Thursday, March 31, 2011

New In Food



Today's cookbook is The Wild Table: Seasonal Foraged Food and Recipes by Connie Green and Sarah Scott. This cookbook can be found in the New in Non-Fiction section of the West Virginia Library Commission Reference Library.

Ramp-Up Sunday Brunch Scrambled Eggs

(Serves 4 to 6)

There's a good reason why ramps and eggs are served at all the ramp festivals. The hillbilly breakfast trinity of ramps, eggs, and bacon is a boisterous way to begin a weekend spring day. While the other two ramp recipes here (in the cookbook) show the gentler side of ramps, these slowly scrambled eggs proclaim their oniony glory. Munching on the ramp swizzle stick in your bloody Mary is the crowning touch to complete the traditional breath treatment for your own home-based ramp festival.

12 large eggs
3/4 teaspoon kosher salt, or more to taste
1/4 teaspoon freshly ground black pepper, or more to taste
6 ounces cleaned ramps with greens
3 tablespoons bacon fat or unsalted butter
Bloody Marys garnished with fresh ramps (optional)

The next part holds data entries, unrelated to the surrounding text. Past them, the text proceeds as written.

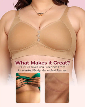 Elastic-Free Bottom Band: The bottom band is crafted without traditional elastic to prevent pinching, rashes, or body marks—just soft and irritation-free support.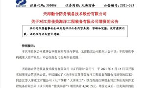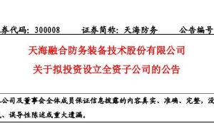 近日,天海融合防务装备技术股份有限公司发布公告,旗下子公司江苏大津重工有限公司为适应公司未来业务发展的需要,以自有资金投资 85 万元在泰州...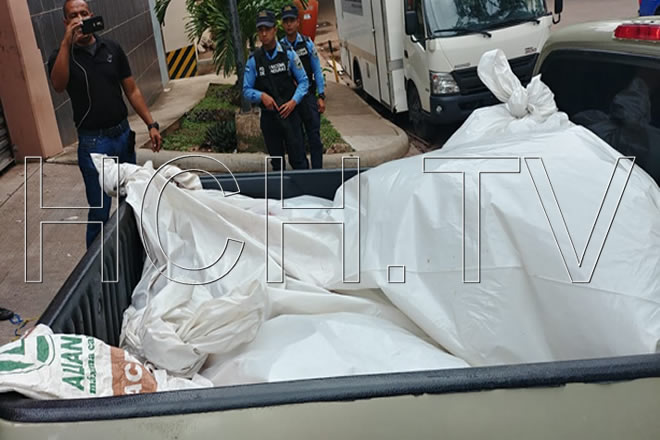 A bordo de un vehículo de la Fiscalía Regional de la Esperanza, Intibucá llegaron a la morgue judicial capitalina los cuerpos de los cinco ciudadanos que fueron acribillados Intibucá.

1. Whisk together the eggs, salt, and pepper in a medium bowl. Set aside while cooking the ramps.

2. Cut the greens off the ramps and slice them into 1/4-inch strips. Cut the bulbs into 1/4-inch dice.

3. Heat the bacon fat in a large saute pan over medium heat until hot. Add the ramp bulbs and saute until tender and translucent, 3 to 4 minutes. Add the greens and cook until wilted and tender, 2 to 3 more minutes.

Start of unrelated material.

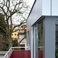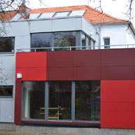 Eine bestehende Doppelhaushälfte aus den 30er Jahren in Berlin Weißensee wurde für die neue Familiennutzung umgebaut und um Wohn- und Arbeitsräume auf 2 Geschossen erweitert. Der Baukörper staffelt sich in 2 ablesbare Bauteile und bezieht die jeweilige Höhe, Kubatur, Ausrichtung, seine Materialien, Farben und auch die Konstruktion aus den Rahmenbedingungen: der Nachbarbebauung, der Traufhöhe und der Nutzung. Der neue Holzanbau wurde bewußt mit Plattenmaterial verkleidet (Trespa), der massive Altbau hell verputzt. Hinter der neuen Gestaltung des Eingangsbereiches verbirgt sich allerdings der alte Einganserker- hier wurden die Baukörper neu verknüpft. Die neuen Wohnräume haben innen sichtbare Holzdecken und öffnen sich in beiden Geschossen zum Gartenraum. Insgesamt wird Alt und Neu in der Gestaltung betont aufgenommen durch Material, kontrastreiche Farbe und die Raumzuschnitte.

4. Pour the eggs into the saute pan with the ramps and turn down the heat to medium low. Cook, stirring constantly with a wooden spatula or spoon, gathering the cooked portion as it forms curds and stirring the curds back into the liquid to form a creamy, moist scramble. Depending on the heat, this will take from 5 to 7 minutes. For moist eggs, remove them from the pan just before they are fully cooked and still look wet. They will continue to cook a little bit more off the heat. Taste for seasoning and add more salt and pepper as needed.

Tips and Techniques
-The slow stirring method for scrambling the eggs produces a creamy texture. For larger curds, turn up the heat slightly and stir less often.

-The bacon fat gives this a southern taste and is a nice flavor complement to the ramps.

Substitutes and Variations
-You can add grated cheese-Monterey Jack or Gruyere, for example- to the eggs halfway through cooking. A milder, nuttier cheese will complement the flavor of the ramps.

-Scallions can be substituted for the ramps. There is no need to separate the greens form the white parts of the onion when cooking.

-The sauteed ramps can also be used as a filling for an omelet or in a frittata.